В город уходили как в рекруты. Не на радость. Город пугал многолюдьем, злым начальством — городовыми да дворниками. «Куды прешь, деревенская рожа?!» И метлой, метлой… Город пугал громадами кирпичных домов. Пугал укладом своей городской, не деревенской жизни. Пугал обманом. На фабриках обманывали сельского человека. В ночлежках обманывали. В городе ели хлеб, не снимая шапки!
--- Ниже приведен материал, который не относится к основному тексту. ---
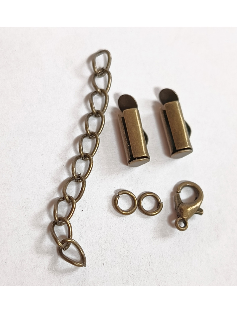 Набір фурнітури. Колір - Бронза. Карабін — 10 мм Ланцюжок — 5 см. Колічки — 6 мм. Слайдер — трубочка — 20 мм
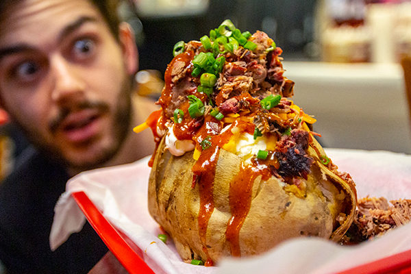 Have you ever seen a baked potato that looks like this ? The Royal Flush at Pit Boss BBQ in Hapeville is completely over-the-top and delicious. Order up some smoked wings, angus beef brisket, and mac and cheese and you’ll be in heaven.
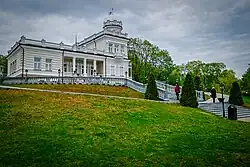 After World War I the city became part of Poland. Its popularity was increased by the patronage of Józef Piłsudski, who spent most of his summer holidays there and promoted the development of the area. Soon most of the resort was bought up by the state-owned Bank Gospodarstwa Krajowego and the construction of luxurious villas and pensions started. According to the first Polish census of 1921, Druskininkai was inhabited by 989 people, among whom 646 were Roman Catholic, 46 Orthodox, 3 Evangelical and 294 Jewish. At the same time, 700 inhabitants declared Polish nationality, 8 Belarusian, 242 Jewish, 20 Russian and only 19 Lithuanian. There were 308 residential buildings here.[5] In 1934 a railway link with the Parečča train station was opened and the city became more accessible to the general public. It was a gmina (municipal) center in Grodno powiat (county) of Białystok Voivodeship.
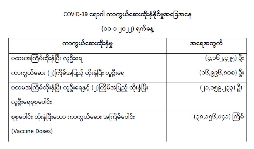 COVID-19 ရောဂါ ကာကွယ်ထိန်းချုပ်ရေးအတွက် တိုင်းဒေသကြီး/ပြည်နယ်များတွင် COVID-19 ရောဂါကာကွယ်ဆေးကို ဦးတည်အုပ်စုများသတ်မှတ်၍ ထိုးနှံပေးလျက်ရှိရာ (၁၁-၁-၂၀၂၂) ရက်နေ့ အထိ လူဦးရေ စုစုပေါင်း (2၁,၁၅၉,၂၃၃) ဦးအား ထိုးနှံပေးပြီးဖြစ်၍ ကာကွယ်ဆေးနှစ်ကြိမ် အပြည့် ထိုးနှံပြီးစီးသူ (1၆,9၉၆,၈၀၈) ဦး နှင့် ပထမအကြိမ်ထိုးနှံပြီးစီးသူ (4,၁၆၂,၄၂၅) ဦး ရှိပြီဖြစ်ပါသည်။ သို့ဖြစ်ပါ၍ (၁၁-၁-၂၀၂၂) ရက်နေ့အထိ မြန်မာနိုင်ငံတွင် COVID-19 ရောဂါကာကွယ်ဆေး အကြိမ်ရေ စုစုပေါင်း (3၈,၁၅၆,၀၄၁) ကြိမ် ထိုးနှံပြီး ဖြစ်ပါသည်။
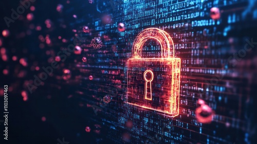 a digital lock made of binary code, with particles representing quantum bits (qubits) surrounding it,

Шельмовали в кабаках, в чайных, в увеселительных заведениях, где красивые бабы — каждая барыня!..

Города боялись. И городу завидовали. Вздыхали, Москва стоит на болоте, ржи в ней не молотят, а лучше нашего едят. В городе проживали, не трудясь, разные мазурики, телигенты, внутренние враги. Над царем там смеялись, бога там не почитали, а жили, нам так не жить! И мужичка к себе ни-ни. Брезговали мужичком. Вот оно как: не всяк пашню пашет, а всяк хлеб ест.
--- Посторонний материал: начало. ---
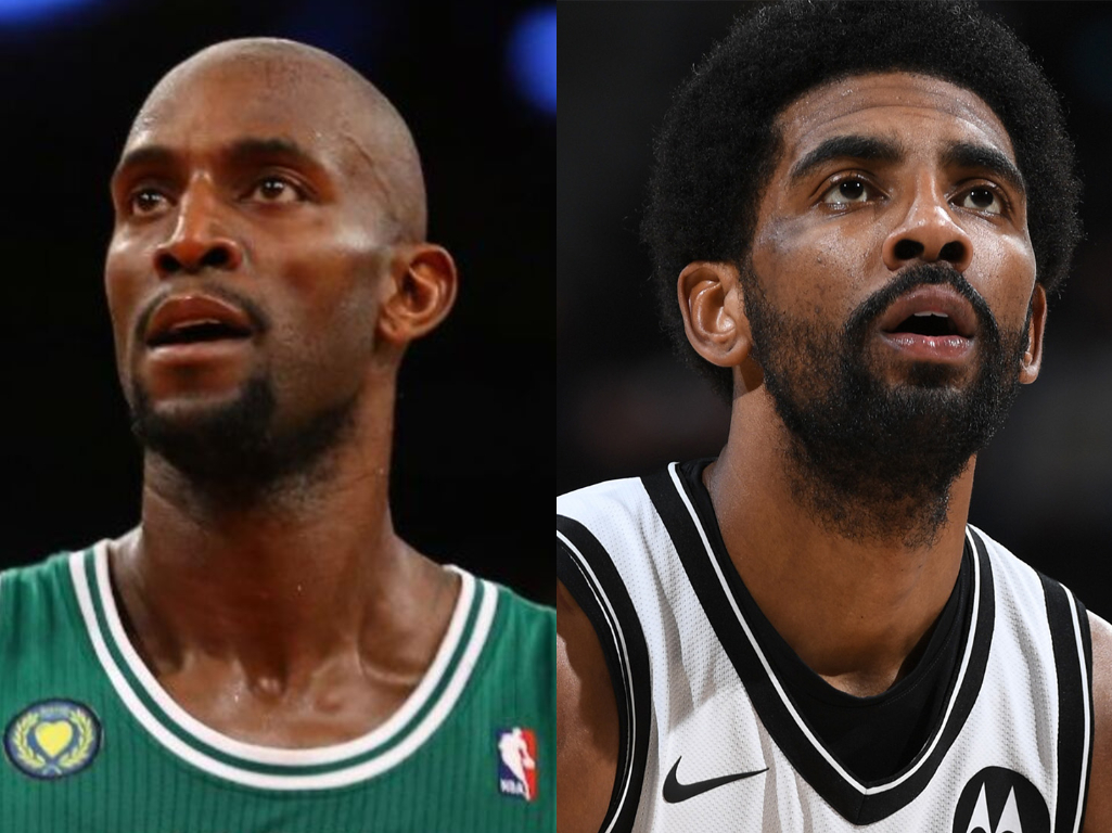 Kevin Garnett Calls Out Kyrie Irving Over Stomping On The Celtics Logo: “So Nobody Gonna Say Anything About Kyrie Stomping ‘Lucky’?”
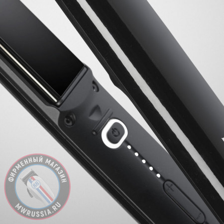 - Особенностью этого выпрямителя является керамический нагревательный элемент Advanced Ceramics, который позволяет нагреваться в два раза быстрее. Встроенный высокоточный микропроцессор с пятью уровнями регулировки температуры от 150 °C до 230 °C гарантирует поддержание идеальной точности температуры во время работы.

Городу не верили. В городе вертелось все иначе. Жизнь была дома. Настоящая. Своя. В деревне. А здеся — сон, обман, на время забытье… Пела шарманка, на трех ногах. Глядели кухарки из открытых окон. Пресный запах вареного мяса растекался по двору. И усталая птица попугай тяжелым клювом, как нос у кавказца, доставала билетики на счастье. Сыпал реденький дождик по железным крышам, в мокрых переулках носились ветры. И, если уж на то шло, в ненавистном, страшном, каменном городе разрешалось и своровать, и пырнуть ножом в спину, не взяв на душу смертного греха. Все как во сне. На время забытье… Вернешься домой, на землю отцов, и отмолишься в родном храме. Можно ли в того бога верить, который не милует? Прости, господи, люди твоя.

Георгиевский кавалер и машинный квартирмейстер Петр Платонович Кузяев знал, что едет домой на побывку. После семилетней службы, войны и ранения вполне полагалось повидать родных, отдохнуть, а затем следовало опять собираться в город на городскую жизнь. Земля не кормила.
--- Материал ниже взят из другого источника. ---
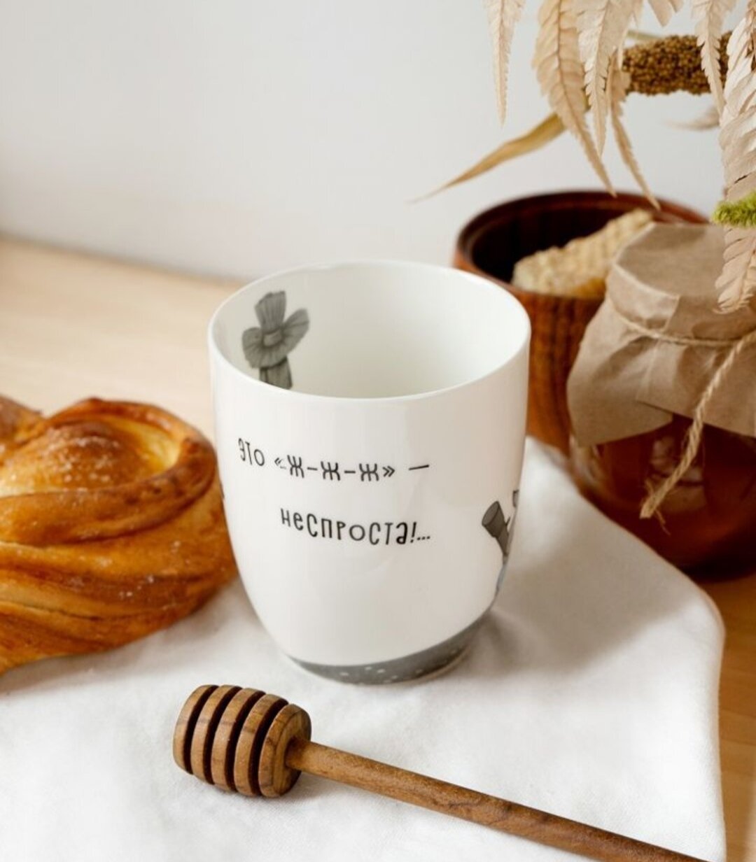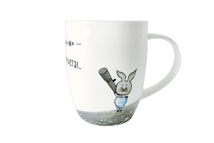 Кружка большая белая фарфор 420 мл. в подарочной упаковке. Бременские музыканты принт "Петь птицы перестали."
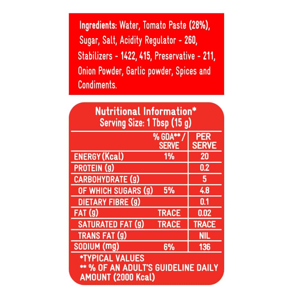 Kissan Fresh Tomato Ketchup is made with 100% real, naturally ripened Tomatoes. The Tangy Tomato Ketchup can either be paired with almost every dish to make them so much tastier. It's an assured hero for all the snacks - be it samosas, pakoras, noodles or roti roll a perfect ally for making wholesome and yummy food. Kissan Tomato ketchup helps healthy foods turn into yummy and tasty for kids. You can use this tomato ketchup as a tomato sauce or tomato chutney.
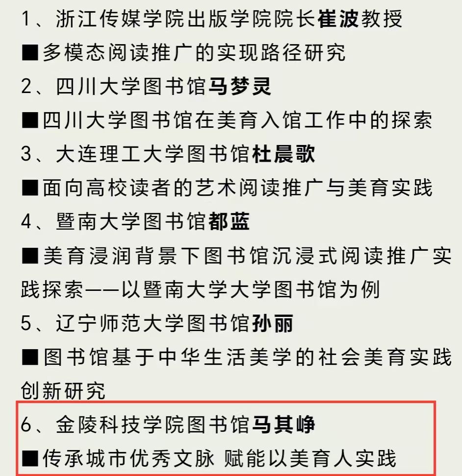beat365图书馆提交的案例“传承城市优秀文脉 赋能以美育人实践”受主办方邀请,在本次研讨会上进行推介和交流,受到好评。近年来,beat365图书馆聚焦以文育人、以美育人,落实学校“南京化体系战略”,以城市文脉类特色馆藏丰厚校园美育资源,建成并运行“金科文库”“金陵文学汇”等书香校园建设载体,常态化开展美育专题讲座、非遗展示体验、百部经典好书荐读、诗文诵读赏析等特色阅读推广活动,构建了以师生为主体的多样化校园美育新载体,彰显了城市文脉赋能校园美育实践的成效。
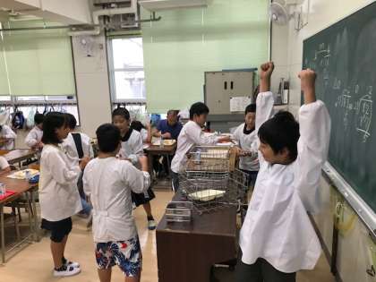 いつもの給食のハヤシライスは、小麦粉を使ったブラウンルウを使用していますが、今日のハヤシライスは、小麦アレルギーの人も食べられるように、小麦粉を使わずに米粉(上新粉)を使用してつくりました。
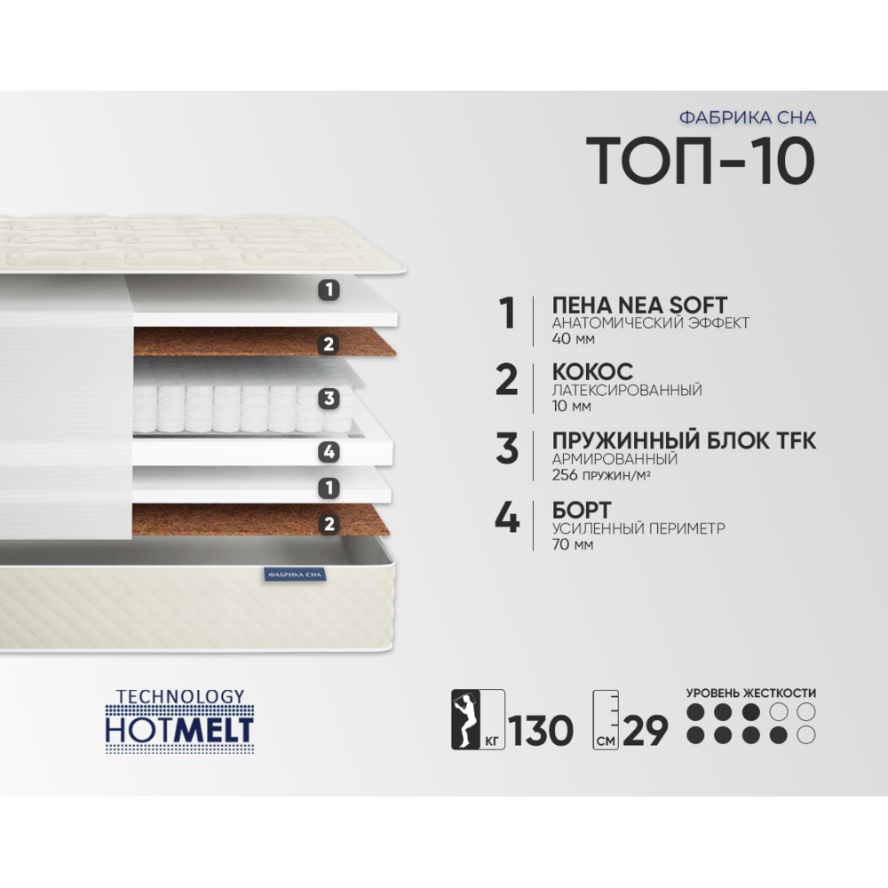 Для расчёта рейтинга используются общие оценки товара и оценки по характеристикам за всё время. Поделитесь своим мнением о товаре: Матрас Фабрика Сна Топ-10

Имея познания в паровых машинах тройного расширения, Петр Платонович высказывал намерение устроиться механиком на завод «Бромлей» у Крымского моста, как двоюродные братья Петр и Михаил, первые сухоносовские металлисты. Однако судьба распорядилась иначе.

Доктор Василий Васильевич Каблуков, потирая сухие ладони, предложил ему в тот вечер, когда их с Афанасием представили гостям, быть у него кучером за 25 рублей в месяц, при условии, что он будет учиться на шофера и, получив диплом, отработает доктору все затраты на обучение. Кузяев согласился, да и как можно было пропустить такое?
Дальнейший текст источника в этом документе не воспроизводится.